▸ **ACTIVITY**
Up through the line that contains "Presenting Milton Pro", retype the entries exactly, beginning at the very first line.

=== Section Start ===

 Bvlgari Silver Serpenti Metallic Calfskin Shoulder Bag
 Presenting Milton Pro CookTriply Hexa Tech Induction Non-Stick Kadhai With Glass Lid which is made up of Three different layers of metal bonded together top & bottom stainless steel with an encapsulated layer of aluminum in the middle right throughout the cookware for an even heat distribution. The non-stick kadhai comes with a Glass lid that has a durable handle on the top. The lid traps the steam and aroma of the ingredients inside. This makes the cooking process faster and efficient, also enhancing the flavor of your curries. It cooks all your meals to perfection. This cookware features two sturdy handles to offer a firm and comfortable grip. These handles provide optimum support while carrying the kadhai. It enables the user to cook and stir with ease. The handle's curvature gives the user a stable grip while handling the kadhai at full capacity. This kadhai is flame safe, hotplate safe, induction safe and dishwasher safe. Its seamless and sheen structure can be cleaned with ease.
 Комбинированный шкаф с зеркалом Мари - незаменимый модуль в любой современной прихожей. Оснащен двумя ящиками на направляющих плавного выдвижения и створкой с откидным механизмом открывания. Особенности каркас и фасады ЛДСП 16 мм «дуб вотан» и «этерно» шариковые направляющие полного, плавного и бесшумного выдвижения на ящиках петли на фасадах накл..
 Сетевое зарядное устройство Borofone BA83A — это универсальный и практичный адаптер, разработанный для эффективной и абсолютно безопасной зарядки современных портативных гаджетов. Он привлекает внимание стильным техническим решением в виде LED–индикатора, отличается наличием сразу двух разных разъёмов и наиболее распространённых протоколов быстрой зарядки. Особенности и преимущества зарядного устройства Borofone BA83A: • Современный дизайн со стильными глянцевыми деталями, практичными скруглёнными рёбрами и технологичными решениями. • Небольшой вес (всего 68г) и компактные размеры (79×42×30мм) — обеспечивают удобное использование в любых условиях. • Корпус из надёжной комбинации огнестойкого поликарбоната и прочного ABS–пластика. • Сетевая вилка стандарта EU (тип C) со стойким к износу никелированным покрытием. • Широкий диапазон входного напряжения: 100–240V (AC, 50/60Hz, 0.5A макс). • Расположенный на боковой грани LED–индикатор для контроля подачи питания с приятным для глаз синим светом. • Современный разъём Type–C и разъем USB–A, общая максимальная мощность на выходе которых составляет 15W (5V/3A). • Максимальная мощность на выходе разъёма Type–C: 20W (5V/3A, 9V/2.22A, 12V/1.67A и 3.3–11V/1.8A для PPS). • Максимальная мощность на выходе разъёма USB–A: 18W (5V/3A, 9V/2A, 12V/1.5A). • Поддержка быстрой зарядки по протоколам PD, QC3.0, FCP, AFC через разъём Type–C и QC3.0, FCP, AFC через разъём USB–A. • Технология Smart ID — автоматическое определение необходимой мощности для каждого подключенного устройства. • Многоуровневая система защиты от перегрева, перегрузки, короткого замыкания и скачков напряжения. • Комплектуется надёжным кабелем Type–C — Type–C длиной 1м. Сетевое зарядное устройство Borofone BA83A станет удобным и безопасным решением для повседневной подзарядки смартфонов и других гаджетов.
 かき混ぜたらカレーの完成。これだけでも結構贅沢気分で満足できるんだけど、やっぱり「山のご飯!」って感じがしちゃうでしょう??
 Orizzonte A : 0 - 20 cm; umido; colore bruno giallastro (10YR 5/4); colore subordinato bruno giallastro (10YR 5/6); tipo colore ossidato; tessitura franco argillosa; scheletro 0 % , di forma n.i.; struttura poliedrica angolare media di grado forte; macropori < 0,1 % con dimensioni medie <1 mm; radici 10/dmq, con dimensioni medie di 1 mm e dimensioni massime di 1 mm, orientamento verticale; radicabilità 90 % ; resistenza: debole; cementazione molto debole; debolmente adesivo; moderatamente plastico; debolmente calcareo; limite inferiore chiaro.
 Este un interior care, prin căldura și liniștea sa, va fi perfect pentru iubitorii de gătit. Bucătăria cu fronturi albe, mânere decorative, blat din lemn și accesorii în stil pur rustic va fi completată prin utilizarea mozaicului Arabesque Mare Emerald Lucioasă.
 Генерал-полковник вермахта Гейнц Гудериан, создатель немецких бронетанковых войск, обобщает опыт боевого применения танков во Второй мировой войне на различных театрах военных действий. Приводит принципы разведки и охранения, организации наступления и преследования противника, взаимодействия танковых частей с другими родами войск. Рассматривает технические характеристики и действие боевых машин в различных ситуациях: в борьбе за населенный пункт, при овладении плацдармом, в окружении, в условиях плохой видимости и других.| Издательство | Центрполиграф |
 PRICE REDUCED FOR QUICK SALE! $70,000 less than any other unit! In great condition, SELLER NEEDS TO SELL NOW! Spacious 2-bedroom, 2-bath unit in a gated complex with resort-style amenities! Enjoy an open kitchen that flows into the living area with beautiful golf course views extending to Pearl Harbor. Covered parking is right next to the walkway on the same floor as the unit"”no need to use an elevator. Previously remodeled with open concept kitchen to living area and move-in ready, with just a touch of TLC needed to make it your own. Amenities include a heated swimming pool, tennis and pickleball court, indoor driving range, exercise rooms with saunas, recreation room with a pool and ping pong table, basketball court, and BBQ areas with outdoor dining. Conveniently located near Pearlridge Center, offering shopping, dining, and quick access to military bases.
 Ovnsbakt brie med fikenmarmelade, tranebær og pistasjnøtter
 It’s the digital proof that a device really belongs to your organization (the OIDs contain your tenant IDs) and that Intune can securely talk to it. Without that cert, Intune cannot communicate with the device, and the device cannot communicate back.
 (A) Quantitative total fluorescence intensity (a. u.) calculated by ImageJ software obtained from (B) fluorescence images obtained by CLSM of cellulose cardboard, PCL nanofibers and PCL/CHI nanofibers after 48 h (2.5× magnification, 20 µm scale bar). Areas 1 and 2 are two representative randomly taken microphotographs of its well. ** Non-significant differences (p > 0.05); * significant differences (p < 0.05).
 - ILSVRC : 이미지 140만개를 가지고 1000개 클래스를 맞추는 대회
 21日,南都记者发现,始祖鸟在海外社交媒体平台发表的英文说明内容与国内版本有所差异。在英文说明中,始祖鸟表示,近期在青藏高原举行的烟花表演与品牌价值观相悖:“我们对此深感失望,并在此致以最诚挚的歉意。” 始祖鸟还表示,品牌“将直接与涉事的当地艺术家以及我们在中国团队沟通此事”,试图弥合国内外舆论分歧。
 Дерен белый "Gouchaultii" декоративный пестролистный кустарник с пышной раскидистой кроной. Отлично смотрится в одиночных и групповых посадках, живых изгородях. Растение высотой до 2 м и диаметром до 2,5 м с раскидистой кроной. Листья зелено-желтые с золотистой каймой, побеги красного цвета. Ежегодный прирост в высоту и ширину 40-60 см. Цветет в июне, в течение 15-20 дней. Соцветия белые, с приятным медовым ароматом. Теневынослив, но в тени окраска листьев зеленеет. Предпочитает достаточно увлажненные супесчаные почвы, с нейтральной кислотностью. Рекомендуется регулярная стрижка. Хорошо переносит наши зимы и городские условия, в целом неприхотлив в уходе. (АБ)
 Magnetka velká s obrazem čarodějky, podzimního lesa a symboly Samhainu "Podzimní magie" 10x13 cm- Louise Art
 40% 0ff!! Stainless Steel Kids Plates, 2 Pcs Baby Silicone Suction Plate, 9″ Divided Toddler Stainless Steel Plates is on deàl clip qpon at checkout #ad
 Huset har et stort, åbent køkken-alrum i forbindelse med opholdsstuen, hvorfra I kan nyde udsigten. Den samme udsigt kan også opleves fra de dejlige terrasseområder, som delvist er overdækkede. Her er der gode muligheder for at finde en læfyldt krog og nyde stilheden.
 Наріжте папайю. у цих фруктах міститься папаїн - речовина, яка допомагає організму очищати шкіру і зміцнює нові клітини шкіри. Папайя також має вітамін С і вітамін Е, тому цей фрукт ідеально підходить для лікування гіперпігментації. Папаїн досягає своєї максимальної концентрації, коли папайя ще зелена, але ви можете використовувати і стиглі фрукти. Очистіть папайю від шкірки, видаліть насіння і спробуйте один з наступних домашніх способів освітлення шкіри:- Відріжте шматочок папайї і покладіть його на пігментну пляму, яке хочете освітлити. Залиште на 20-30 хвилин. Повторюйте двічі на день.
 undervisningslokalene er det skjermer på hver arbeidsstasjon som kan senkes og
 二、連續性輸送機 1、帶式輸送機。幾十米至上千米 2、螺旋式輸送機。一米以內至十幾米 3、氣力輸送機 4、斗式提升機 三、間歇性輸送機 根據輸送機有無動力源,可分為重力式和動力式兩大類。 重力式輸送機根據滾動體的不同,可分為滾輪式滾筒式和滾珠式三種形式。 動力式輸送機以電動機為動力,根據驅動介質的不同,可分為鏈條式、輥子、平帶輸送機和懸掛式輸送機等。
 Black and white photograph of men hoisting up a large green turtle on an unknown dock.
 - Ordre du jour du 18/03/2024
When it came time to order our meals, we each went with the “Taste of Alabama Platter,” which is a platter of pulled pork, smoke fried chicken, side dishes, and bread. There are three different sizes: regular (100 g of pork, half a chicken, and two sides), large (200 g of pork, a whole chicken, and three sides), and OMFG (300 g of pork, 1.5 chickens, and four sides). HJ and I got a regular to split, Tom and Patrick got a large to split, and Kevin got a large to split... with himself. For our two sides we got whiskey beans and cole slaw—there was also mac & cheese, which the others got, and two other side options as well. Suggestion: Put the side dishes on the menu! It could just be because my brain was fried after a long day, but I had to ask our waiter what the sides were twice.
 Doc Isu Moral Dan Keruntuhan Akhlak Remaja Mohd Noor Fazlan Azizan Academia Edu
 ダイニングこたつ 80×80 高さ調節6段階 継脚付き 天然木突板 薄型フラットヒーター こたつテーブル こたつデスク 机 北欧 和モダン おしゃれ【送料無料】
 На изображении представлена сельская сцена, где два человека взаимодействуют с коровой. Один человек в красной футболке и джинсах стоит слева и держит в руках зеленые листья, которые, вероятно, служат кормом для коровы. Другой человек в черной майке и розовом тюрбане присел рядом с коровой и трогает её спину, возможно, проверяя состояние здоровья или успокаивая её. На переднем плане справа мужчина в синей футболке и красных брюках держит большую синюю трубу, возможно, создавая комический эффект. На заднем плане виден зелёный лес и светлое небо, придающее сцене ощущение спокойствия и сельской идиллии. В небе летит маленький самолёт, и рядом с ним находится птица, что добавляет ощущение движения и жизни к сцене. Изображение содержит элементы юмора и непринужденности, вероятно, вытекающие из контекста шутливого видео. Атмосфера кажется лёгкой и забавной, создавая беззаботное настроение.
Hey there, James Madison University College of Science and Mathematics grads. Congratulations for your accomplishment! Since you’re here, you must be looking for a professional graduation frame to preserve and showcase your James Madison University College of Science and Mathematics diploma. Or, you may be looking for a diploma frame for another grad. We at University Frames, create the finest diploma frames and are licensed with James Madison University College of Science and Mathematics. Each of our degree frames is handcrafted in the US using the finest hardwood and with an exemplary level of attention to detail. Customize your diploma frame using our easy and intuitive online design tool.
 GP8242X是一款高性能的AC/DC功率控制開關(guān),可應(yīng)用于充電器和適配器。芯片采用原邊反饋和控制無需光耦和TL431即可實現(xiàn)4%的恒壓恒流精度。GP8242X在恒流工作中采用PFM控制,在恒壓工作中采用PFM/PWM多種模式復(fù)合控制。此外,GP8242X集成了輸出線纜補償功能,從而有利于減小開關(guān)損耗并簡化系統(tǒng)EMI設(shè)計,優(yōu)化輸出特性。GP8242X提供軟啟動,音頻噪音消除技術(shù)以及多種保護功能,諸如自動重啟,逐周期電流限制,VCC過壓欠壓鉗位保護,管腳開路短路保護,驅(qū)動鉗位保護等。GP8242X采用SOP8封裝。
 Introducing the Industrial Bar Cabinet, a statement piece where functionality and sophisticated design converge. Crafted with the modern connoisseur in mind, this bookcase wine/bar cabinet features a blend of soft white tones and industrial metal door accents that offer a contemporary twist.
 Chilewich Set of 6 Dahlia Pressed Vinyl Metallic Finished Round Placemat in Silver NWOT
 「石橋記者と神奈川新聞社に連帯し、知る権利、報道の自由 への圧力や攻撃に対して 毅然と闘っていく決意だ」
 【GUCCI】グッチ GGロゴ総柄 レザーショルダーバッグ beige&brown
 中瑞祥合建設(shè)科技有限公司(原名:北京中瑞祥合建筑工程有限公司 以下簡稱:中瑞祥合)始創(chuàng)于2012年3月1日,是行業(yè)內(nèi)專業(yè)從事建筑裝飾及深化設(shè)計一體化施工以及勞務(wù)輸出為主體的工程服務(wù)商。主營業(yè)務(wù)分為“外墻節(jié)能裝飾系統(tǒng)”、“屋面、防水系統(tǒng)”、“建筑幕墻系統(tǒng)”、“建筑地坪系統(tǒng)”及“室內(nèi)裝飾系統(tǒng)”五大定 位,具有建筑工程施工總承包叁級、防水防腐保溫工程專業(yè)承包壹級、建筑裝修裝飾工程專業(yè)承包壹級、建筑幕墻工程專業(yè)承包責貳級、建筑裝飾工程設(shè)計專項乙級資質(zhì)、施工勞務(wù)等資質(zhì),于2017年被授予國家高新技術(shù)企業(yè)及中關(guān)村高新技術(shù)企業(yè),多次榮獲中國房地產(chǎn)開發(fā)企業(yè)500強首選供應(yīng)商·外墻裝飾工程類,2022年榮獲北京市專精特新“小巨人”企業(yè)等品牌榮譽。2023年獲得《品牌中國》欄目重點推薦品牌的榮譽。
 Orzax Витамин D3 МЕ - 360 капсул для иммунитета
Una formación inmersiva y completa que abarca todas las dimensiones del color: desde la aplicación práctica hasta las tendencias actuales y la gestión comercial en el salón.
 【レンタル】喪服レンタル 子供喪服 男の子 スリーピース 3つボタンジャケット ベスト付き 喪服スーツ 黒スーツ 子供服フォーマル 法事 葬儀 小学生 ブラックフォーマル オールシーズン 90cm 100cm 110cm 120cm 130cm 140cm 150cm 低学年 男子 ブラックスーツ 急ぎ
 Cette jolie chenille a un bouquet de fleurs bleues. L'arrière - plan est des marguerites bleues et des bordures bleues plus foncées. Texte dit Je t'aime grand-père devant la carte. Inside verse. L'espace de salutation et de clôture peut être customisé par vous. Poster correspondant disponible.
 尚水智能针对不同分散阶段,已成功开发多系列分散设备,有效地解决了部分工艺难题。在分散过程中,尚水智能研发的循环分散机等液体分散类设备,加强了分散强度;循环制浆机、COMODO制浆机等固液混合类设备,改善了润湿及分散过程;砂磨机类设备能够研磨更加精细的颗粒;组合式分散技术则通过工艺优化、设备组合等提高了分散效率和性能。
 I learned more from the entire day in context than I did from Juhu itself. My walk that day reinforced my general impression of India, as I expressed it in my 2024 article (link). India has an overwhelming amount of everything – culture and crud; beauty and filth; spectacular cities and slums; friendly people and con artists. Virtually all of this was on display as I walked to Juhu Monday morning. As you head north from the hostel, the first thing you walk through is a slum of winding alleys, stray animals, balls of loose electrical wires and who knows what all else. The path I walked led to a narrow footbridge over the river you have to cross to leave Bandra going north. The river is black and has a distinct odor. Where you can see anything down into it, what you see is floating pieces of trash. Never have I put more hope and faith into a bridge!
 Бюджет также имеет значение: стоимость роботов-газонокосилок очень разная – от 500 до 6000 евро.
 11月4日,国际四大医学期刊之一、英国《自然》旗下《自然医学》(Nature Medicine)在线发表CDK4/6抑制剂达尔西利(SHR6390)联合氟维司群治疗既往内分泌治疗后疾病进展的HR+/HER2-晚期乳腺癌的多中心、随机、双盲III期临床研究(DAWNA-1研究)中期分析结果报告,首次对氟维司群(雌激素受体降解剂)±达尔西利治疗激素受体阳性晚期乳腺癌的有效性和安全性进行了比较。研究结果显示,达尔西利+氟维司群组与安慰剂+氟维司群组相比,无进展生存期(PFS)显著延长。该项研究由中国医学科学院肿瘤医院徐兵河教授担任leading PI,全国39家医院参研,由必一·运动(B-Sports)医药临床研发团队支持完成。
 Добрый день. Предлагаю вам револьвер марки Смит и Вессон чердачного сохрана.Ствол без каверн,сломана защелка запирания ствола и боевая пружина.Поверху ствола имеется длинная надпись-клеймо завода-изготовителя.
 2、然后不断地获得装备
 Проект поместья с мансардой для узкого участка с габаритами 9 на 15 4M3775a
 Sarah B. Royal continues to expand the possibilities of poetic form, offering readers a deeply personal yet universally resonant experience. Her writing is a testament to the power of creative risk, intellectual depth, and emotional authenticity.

=== Section End ===

▸ **TASK OUTPUT**
 Bvlgari Silver Serpenti Metallic Calfskin Shoulder Bag
 Presenting Milton Pro CookTriply Hexa Tech Induction Non-Stick Kadhai With Glass Lid which is made up of Three different layers of metal bonded together top & bottom stainless steel with an encapsulated layer of aluminum in the middle right throughout the cookware for an even heat distribution. The non-stick kadhai comes with a Glass lid that has a durable handle on the top. The lid traps the steam and aroma of the ingredients inside. This makes the cooking process faster and efficient, also enhancing the flavor of your curries. It cooks all your meals to perfection. This cookware features two sturdy handles to offer a firm and comfortable grip. These handles provide optimum support while carrying the kadhai. It enables the user to cook and stir with ease. The handle's curvature gives the user a stable grip while handling the kadhai at full capacity. This kadhai is flame safe, hotplate safe, induction safe and dishwasher safe. Its seamless and sheen structure can be cleaned with ease.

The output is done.